## EXERCISE GOAL
In the entries that follow, find the line containing "SET DE ESPECIEROS" and the line containing "Deliciosa caja con", then copy exactly everything from the first through the second except the pictures.

## DATA TO PROCESS
□ □ □ □ □

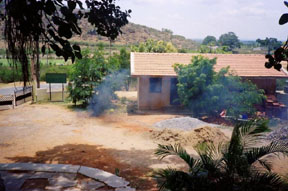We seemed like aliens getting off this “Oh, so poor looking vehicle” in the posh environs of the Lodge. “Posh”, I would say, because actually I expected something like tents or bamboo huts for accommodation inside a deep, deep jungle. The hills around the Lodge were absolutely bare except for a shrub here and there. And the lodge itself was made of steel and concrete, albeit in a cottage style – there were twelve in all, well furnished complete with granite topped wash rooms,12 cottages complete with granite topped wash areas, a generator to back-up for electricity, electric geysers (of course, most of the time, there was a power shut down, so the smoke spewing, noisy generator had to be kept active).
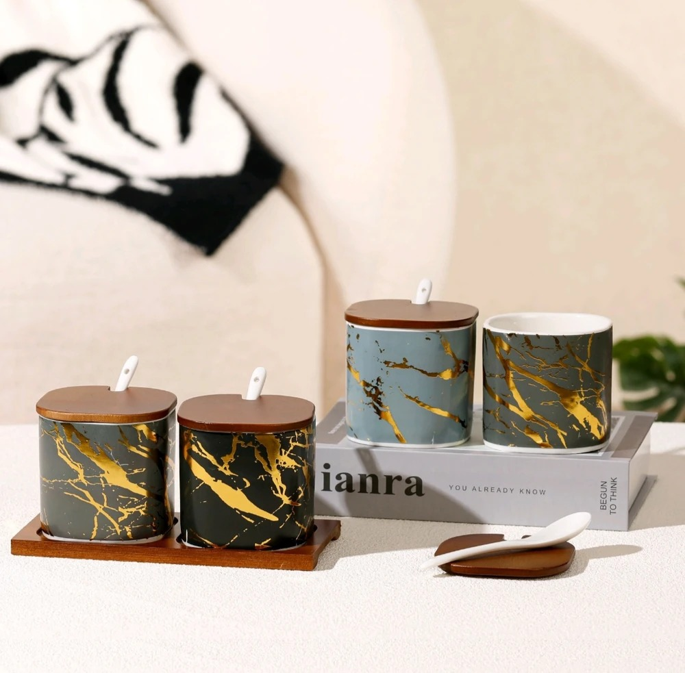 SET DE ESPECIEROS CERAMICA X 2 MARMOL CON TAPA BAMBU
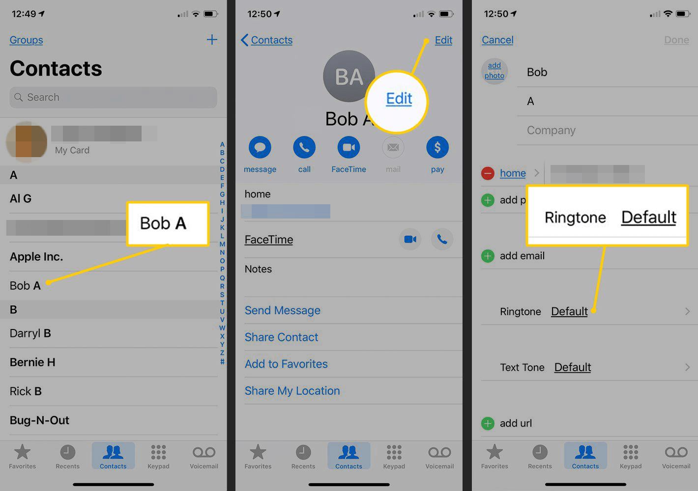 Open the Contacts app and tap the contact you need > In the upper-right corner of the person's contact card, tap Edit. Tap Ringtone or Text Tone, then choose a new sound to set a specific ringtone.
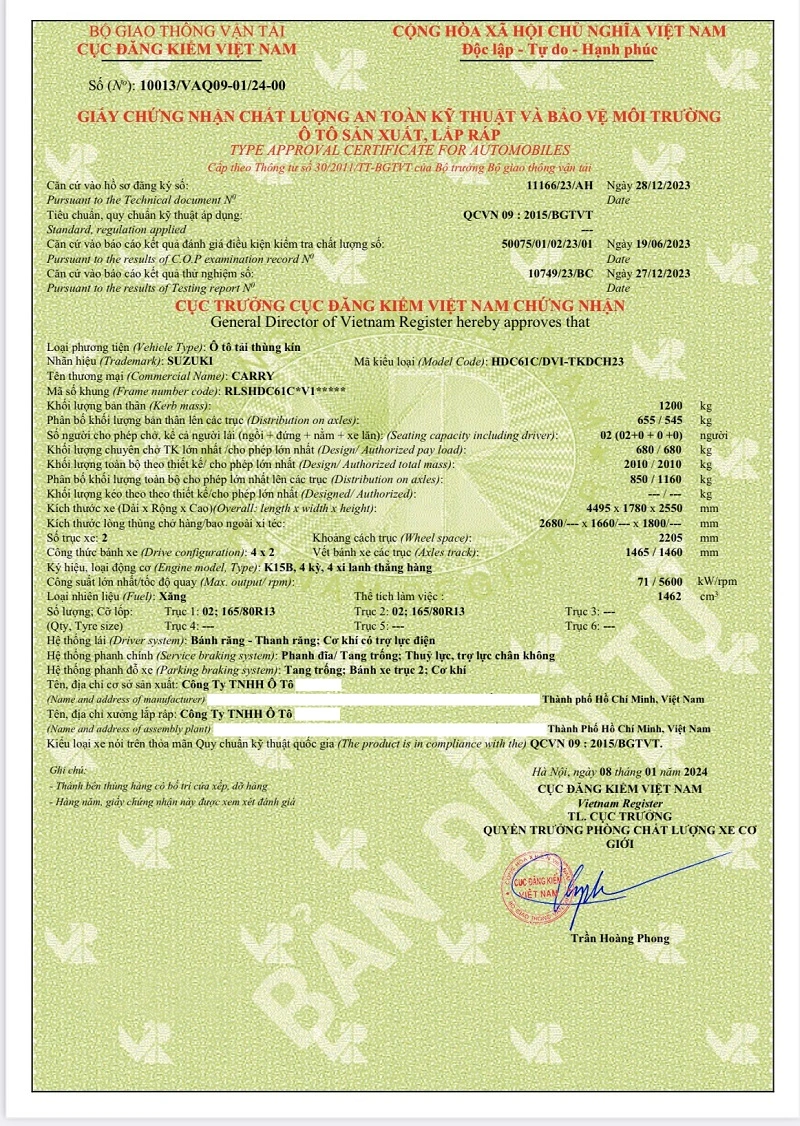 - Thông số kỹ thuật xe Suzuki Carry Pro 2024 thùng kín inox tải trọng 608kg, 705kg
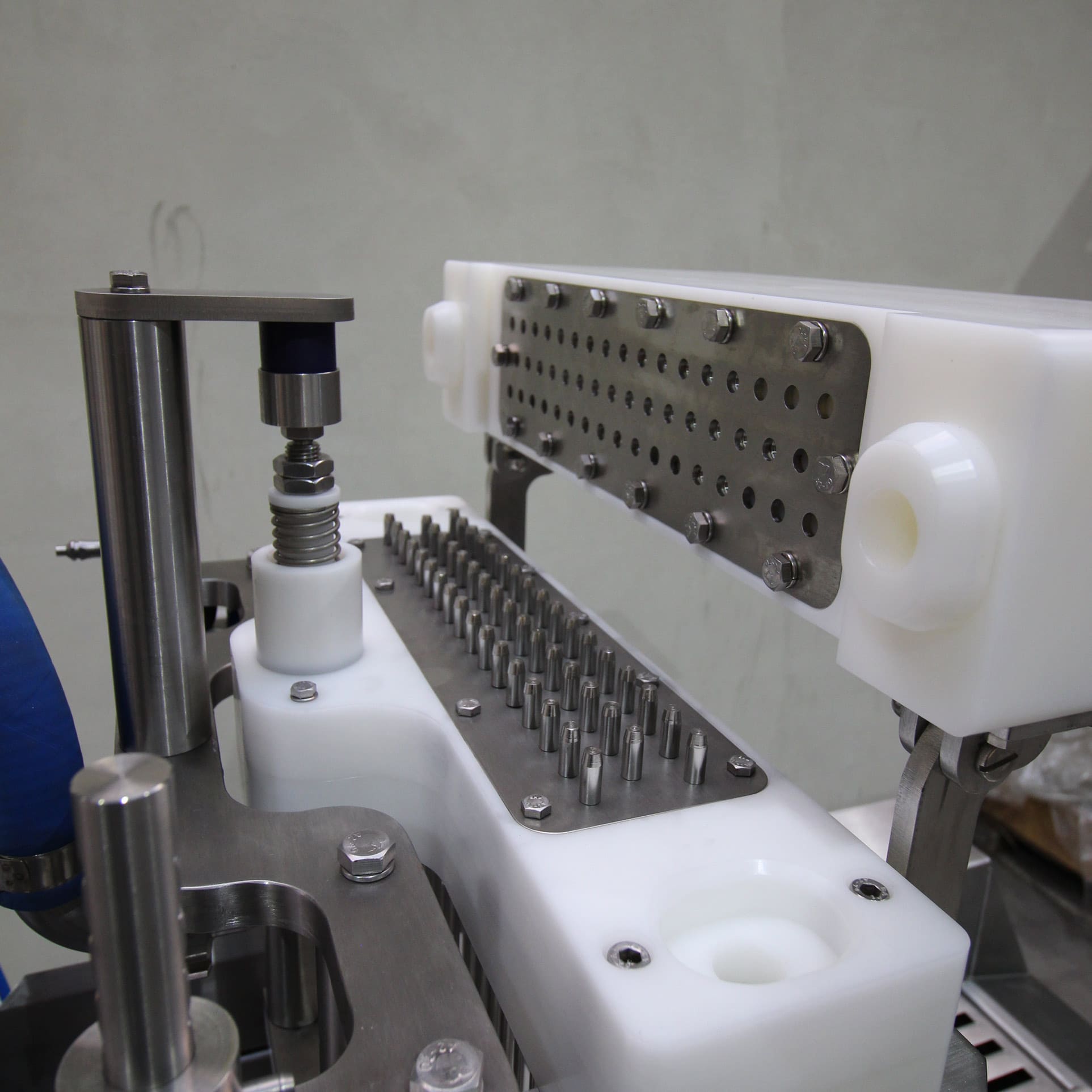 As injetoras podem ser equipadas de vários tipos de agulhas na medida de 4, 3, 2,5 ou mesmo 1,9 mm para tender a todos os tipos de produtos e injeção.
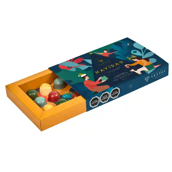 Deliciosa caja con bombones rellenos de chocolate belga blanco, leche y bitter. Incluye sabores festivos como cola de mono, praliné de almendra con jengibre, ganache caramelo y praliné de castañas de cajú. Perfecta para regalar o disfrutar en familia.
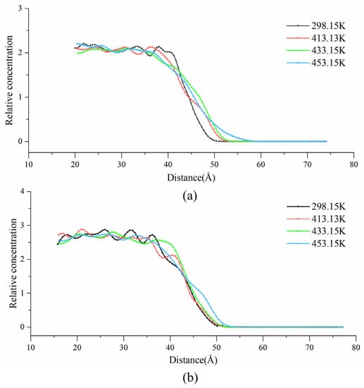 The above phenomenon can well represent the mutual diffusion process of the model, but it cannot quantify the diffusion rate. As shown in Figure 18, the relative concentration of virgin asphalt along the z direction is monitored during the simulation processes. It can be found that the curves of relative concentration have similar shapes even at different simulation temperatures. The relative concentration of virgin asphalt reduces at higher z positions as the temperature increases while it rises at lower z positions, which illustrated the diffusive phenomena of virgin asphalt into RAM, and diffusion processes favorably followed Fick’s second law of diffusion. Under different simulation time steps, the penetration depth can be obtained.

□ □ □ □ □

## YOUR SOLUTION
 SET DE ESPECIEROS CERAMICA X 2 MARMOL CON TAPA BAMBU
 Open the Contacts app and tap the contact you need > In the upper-right corner of the person's contact card, tap Edit. Tap Ringtone or Text Tone, then choose a new sound to set a specific ringtone.
 - Thông số kỹ thuật xe Suzuki Carry Pro 2024 thùng kín inox tải trọng 608kg, 705kg
 As injetoras podem ser equipadas de vários tipos de agulhas na medida de 4, 3, 2,5 ou mesmo 1,9 mm para tender a todos os tipos de produtos e injeção.
 Deliciosa caja con bombones rellenos de chocolate belga blanco, leche y bitter. Incluye sabores festivos como cola de mono, praliné de almendra con jengibre, ganache caramelo y praliné de castañas de cajú. Perfecta para regalar o disfrutar en familia.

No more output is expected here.